This Lithuanian Spiced Honey Liqueur is Made For Winter Drinking

Posted on: Oct. 28, 2015 | | By: Iza Wojciechowska

When Rim Vilgalys reflects on his childhood in Durham, North Carolina, he remembers Everclear cooking on the stove before his parents’ parties and the smell of honey and spices. These were the elements of Krupnikas, a spiced honey spirit invented by Lithuanian and Polish noblemen in the 16th century, and a tradition that Rim’s father, a first-generation American from Lithuania, brought to the States and instilled in his sons.

When Vilgalys was in college, he started making his own Krupnikas in his kitchen. “It got me invited to a lot of parties,” he says. When he moved back to Durham in 2008, he and his brother continued making it casually for their friends until they realized they were onto something. Three years ago they opened The Brothers Vilgalys Spirits Company, which now produces and bottles Krupnikas, distributing it all over the country. (Rim’s brother moved away for graduate school, so he now runs it along with two partners, but the name remains in honor of the company’s origins.)

“Krupnikas is really good in the wintertime,” Vilgalys says. “We made a profit the first year in large part because of the holiday sales.”

Indeed, the first thing that comes to mind when describing the flavor of Krupnikas is Christmas. To make the 80-proof spirit, Vilgalys boils down cinnamon, cloves, nutmeg, caraway, allspice, and other spices and mixes them with North Carolina wildflower honey. The mixture is then blended with grain-neutral spirit, left to sit for a week, filtered, and bottled. What results is a thick spirit earthier and more herbal than a honey whiskey and sweeter and more refined than Jagermeister.

The spirit is traditionally sipped on its own, but its strength, neutral base, and unique flavor make it a great option for cocktails as well. Vilgalys suggests using it to replace other alcohols in standard cocktails like a hot toddy or a “White Lithuanian,” where it’s mixed with coffee liqueur and half and half. However, local bars have taken the spirit and run with it. Durham’s upscale Counting House featured a “Brown & Bitter” on its menu, which mixed Krupnikas with Rittenhouse Rye, Cocchi Vermouth di Torino, Cardamaro, and Cynar.

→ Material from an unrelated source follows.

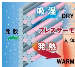
↑「プレスサーモ」機能イメージ
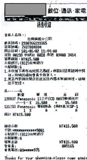
圖 1、3C 賣場出具之銷售收據範例

答：民眾申請補助所檢附之文件需符合購置節約能源補助作業要點第七點之規定，而此類"銷售收據"並不符合規定，請民眾回原購買經銷商處，請其開立統一發票或紙本電子發票後(需符合購置節約能源補助作業要點第七點第二項之規定)，始得進行申請。

The nearby Crunkleton experimented with Krupnikas last year in its “The Bumble Bee’s Knees” cocktail, which contained bourbon, Krupnikas, lemon juice, milk, honey, egg white, bitters, and juniper berries.

Currently, Brother Vilgalys is a small operation with a tiny office and a backroom filled with buckets of honey and spices and a big metal “kettle.” The company has added four liqueurs to its range and plans to add a tasting room in the near future.

Brothers Vilgalys was the first producer of Krupnikas in the United States, though now there are several purveyors, including Kas Spirits in Mahopac, NY and Dirty Water Distillery in Plymouth, MA.

While the greatest concentration of Lithuanians in the United States is in Chicago — and Krupnikas sells well there — Vilgalys says North Carolina is still his biggest market, and he has no plans to leave Durham. In fact, he’s expanding. Currently, Brother Vilgalys is a small operation with a tiny office and a backroom filled with buckets of honey and spices and a big metal “kettle” that’s actually the bottom of a still. Earlier this year, the company started making four new liqueurs and intends to expand its production space and open a tasting room in the near future.

“It’s not as if Lithuanians are our core demographic,” Vilgalys says. “The real Lithuanian communities, they already know someone making this stuff and selling it under the table. We’re not going to be able to unseat the moonshiners.”

Still, the fact that he’s popularizing a spirit rooted deeply in Lithuanian heritage isn’t lost on Vilgalys. Though he was born in the United States and doesn’t speak much Lithuanian, he says bringing Krupnikas to the public has bolstered his cultural identity.

“I’m half-Lithuanian and have a very Lithuanian name, so it’s always been a part of my identity in that way,” he says. “But [Krupnikas] does put me in a position of representing the country, language, and culture to a lot of people. I have a lot of Lithuanians contacting me who are excited to find out that someone is doing this.”